Saturday, December 8, 2007

More Recent Background

I began my professional career with a need to write about something. At first I had no specific goal as to what it might be, but I DID know it had to be something that had a basis in reality and that people needed to know about. I began by writing constant letters to the editor, which, while in high school, I thought was me being well on my way, what a farce that was. I found that I needed to have a reason for my opinions, even if they would not appreciably change, which I must say they really haven't. Education, I knew, was the way to go.

As an aside I also need to let you know that, because I was such an incurable know-it-all in high school, I failed the eleventh grade and in turn had to graduate a semester behind my class. (Look closely and you will see that I failed and ENTIRE year, plus half of tenth grade, but only had to do one extra semester to catch up, this will be important later.)

My first thought was to get into juvenile probation because I had been put on this ridiculous thing at the age of sixteen for cutting fucking school.

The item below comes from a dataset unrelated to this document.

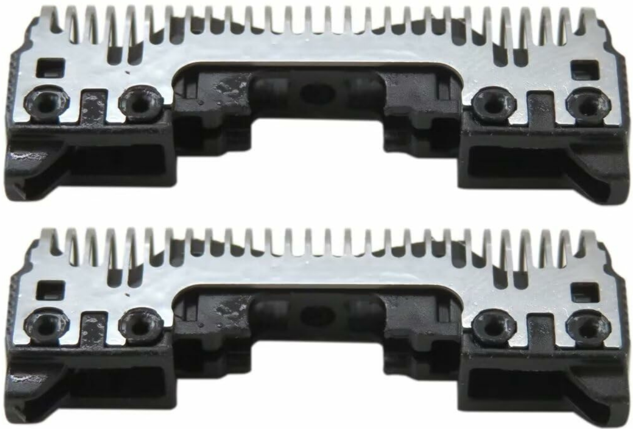
Image: Two YTXDEUS WES9064P/WES9064 replacement inner cutter blades, showcasing their design.

That had to have been the most asinine things I had ever had happen to me. Anyway, I figured I could help those having problems. I took about a year's worth of classes and then decided I would MUCH rather get to the kids BEFORE they needed incarceration or probation. The idea to go into education had been born. As you may have already seen this was natural since it IS what I had done when younger, but my "brilliant" ass didn't see it until I had wasted a year or so in another field. That's what I get, I guess.

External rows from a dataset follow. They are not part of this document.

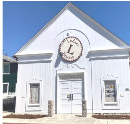
The Legacy Theatre in Branford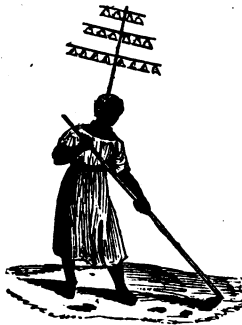
A WOMAN WITH IRON HORNS AND BELLS ON, TO KEEP HER FROM RUNNING AWAY.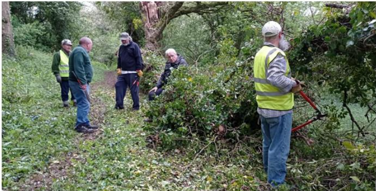
Clearing the green lane around the transmitter site and cutting back a fallen tree in Coed Nant Bran

It made my day walking puppy down the green lane and NOT stinging my knees! It's nice and safe to walk her off lead there as she's only young. THANK YOU!!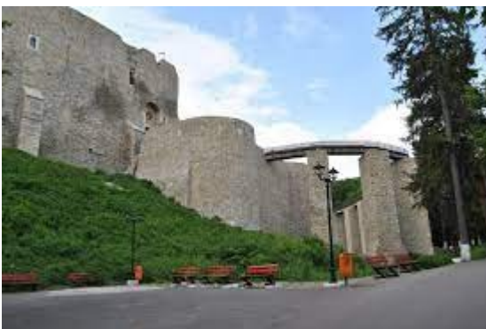
Citadelle de Târgu Neamț

The Subcarpathians are represented by a fortress above Târgu Neamț, three monasteries (Ciolanu, Dealu and Probota at the foot of Tătăruși), a road from the Danube (Ghelnegioaia), Tohani vineyards (in Jugureni) or a climb of the very first Tour of Romania in 1935 (Petricica on the outskirts of Bacău).

I decided to go to a local college because I could not really afford to go away, AND I really didn't want to leave my friends. That was quite the misnomer as I was to find out, because I left them anyway in theory. They thought I had changed because I often talked of my schooling and I thought they had changed because that's all they ever wanted to talk to me about. We were both right.

Lake Erie College in Painesville, Ohio had just opened its doors to men in the previous couple of years and was actively recruiting. I happened to have the correct credentials and happily enrolled in the social sciences program headed toward a degree with a minor in secondary education. I was going to become a junior high or high school social studies teacher. (At least that's what I thought.) I started in August of 1988 and graduated in December of 1990. Again, look at the time frame. Even if we use all the credits I got while in Community College, I still blew off about a year of my regularly four-year degree, but most of those Lakeland credit did NOT transfer. I also took about 1 year off between high school and Lakeland, then another year between Lakeland and Lake Erie. Both intervening years were spent traveling to different parts of the United States in order to see what things were like out of my so call comfort zone. Strangely, except for the temperature and in some cases the terrain, things were not that odd. The ethnic make-up in Bakersfield, CA; San Diego, CA; West Palm Beach, FL, and other places was different than good old Cleveland, but I could find enclaves of most enthnicities if I looked hard enough. The big difference is that everyone was more homogeneously mixed in West Palm and San Diego, most certainly not in Bakersfieled though. I stopped in various places along the way, like Denver, Oklahoma City, Detroit, Fort Lauderdale, El Paso, even up to Niagra Falls and Toronto. Again, I have a reason for telling you this. I want you to know that I am not talking from a tunnel vision type of perspective. I love to learn about people and culture and have done so through travel throughout various portions of my life, which, I believe, gives me a right to speak on what I have observed.